Cutmarks on distal left humerus. Credit: Schulting et al. Antiquity, 2024.

Many of the victims’ skulls were shattered by the blows that killed them, and leg and arm bones had been cut away after death to extract the bone marrow. Hand and foot bones show evidence of having been chewed by human molars.

Villages in early Bronze Age Britain were made up of around 50 to 100 people, so the experts think this could have equated to wiping-out almost one entire community.

Why would people in Early Bronze Age Britain cannibalise the dead?

In the newly identified attack, there was no evidence of a fightback, suggesting the victims were taken by surprise. It is probable they were all massacred, and their enemies carried out the butchery.
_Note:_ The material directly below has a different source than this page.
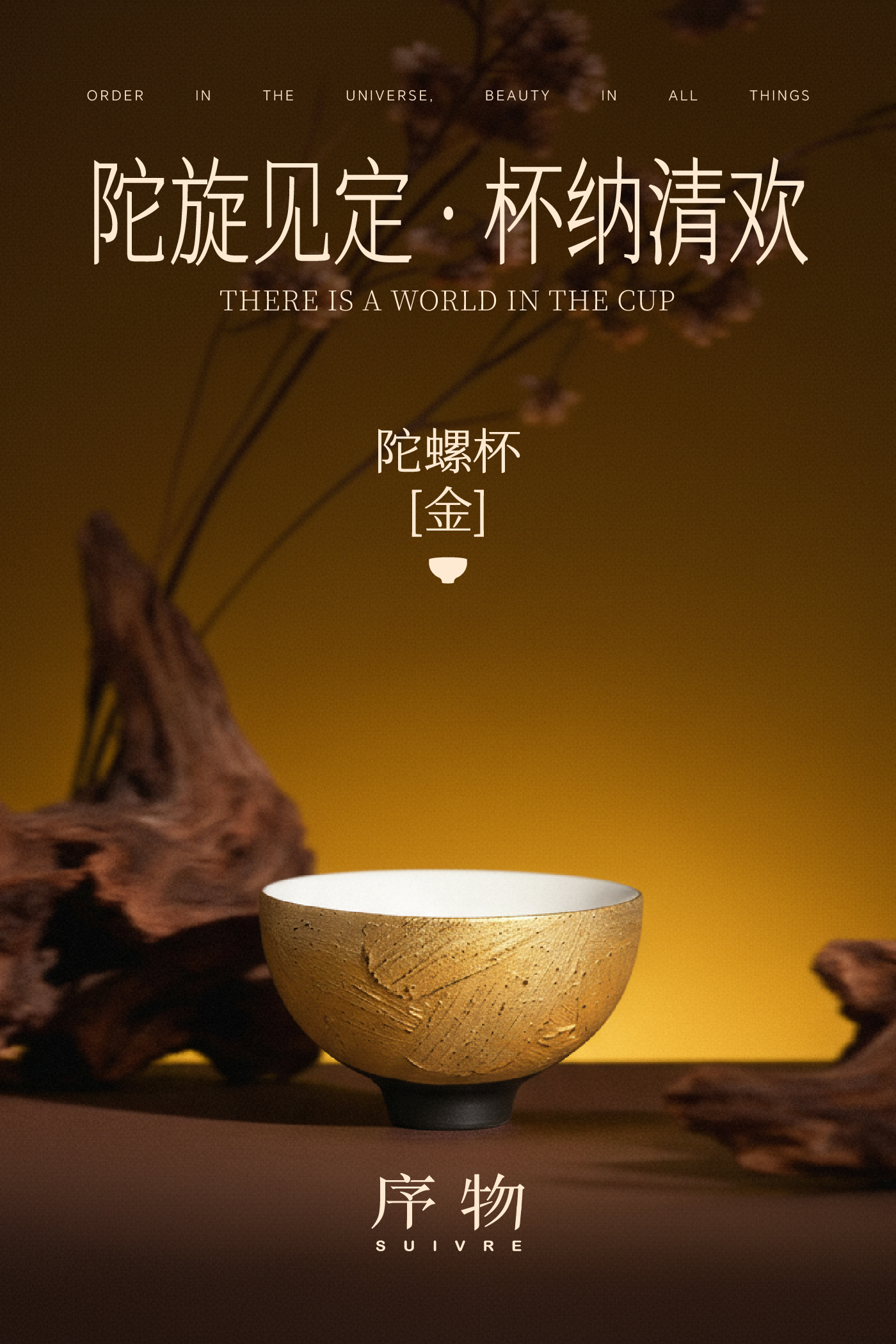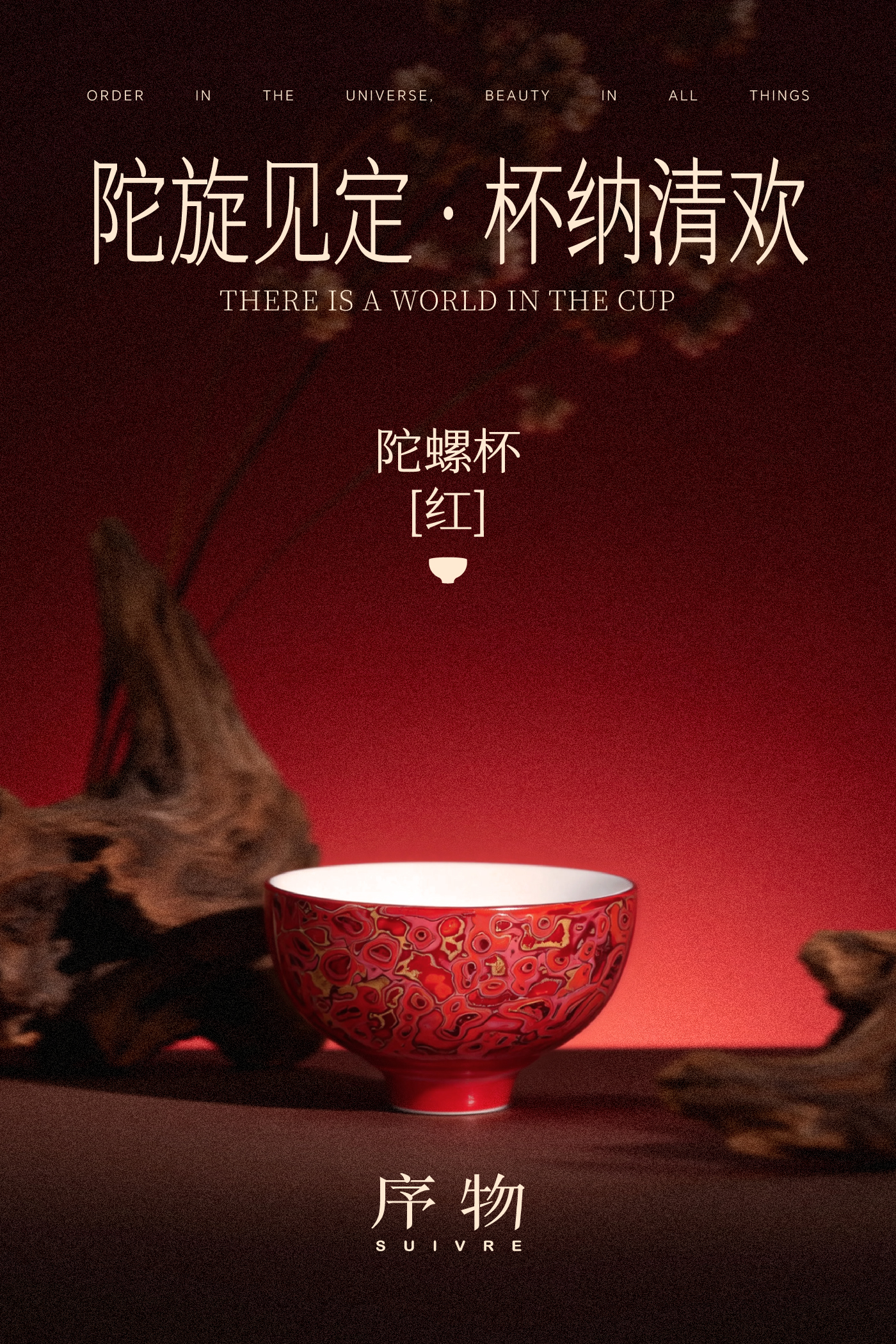 序物所制陀螺杯,其名“陀螺”,灵感取自台湾传统童玩。设计师捕捉陀螺旋转时那种忘我、稳定的动态意象,将其凝固于杯形之中。杯身环状髹饰的色层,髹饰技法多元,模仿陀螺飞旋时视觉暂留的幻影,静中有动,意趣盎然。

Researchers have previously found traces of cannibalism at the nearby Palaeolithic Gough Cave site in Cheddar Gorge, but this was probably a form of funerary ritual. Charterhouse Warren is very different, they say.

Were they killed for food? This is unlikely. There were abundant cattle bones found mixed in with the human ones, suggesting the people at Charterhouse Warren had plenty to eat without needing to resort to cannibalism. Instead, cannibalism may have been a way to ‘other’ the deceased. By eating their flesh and mixing the bones in with faunal remains, the killers were likening their enemies to animals, thereby dehumanizing them.

The extensive dismembering of the bodies is the first documented case for this era.

Examples of skulls from the assemblage, with evidence for blunt force trauma and cut marks. Credit: Schulting et al. Antiquity, 2024.
Examples of skulls from the assemblage, with evidence for blunt force trauma and cut marks. Credit: Schulting et al. Antiquity, 2024.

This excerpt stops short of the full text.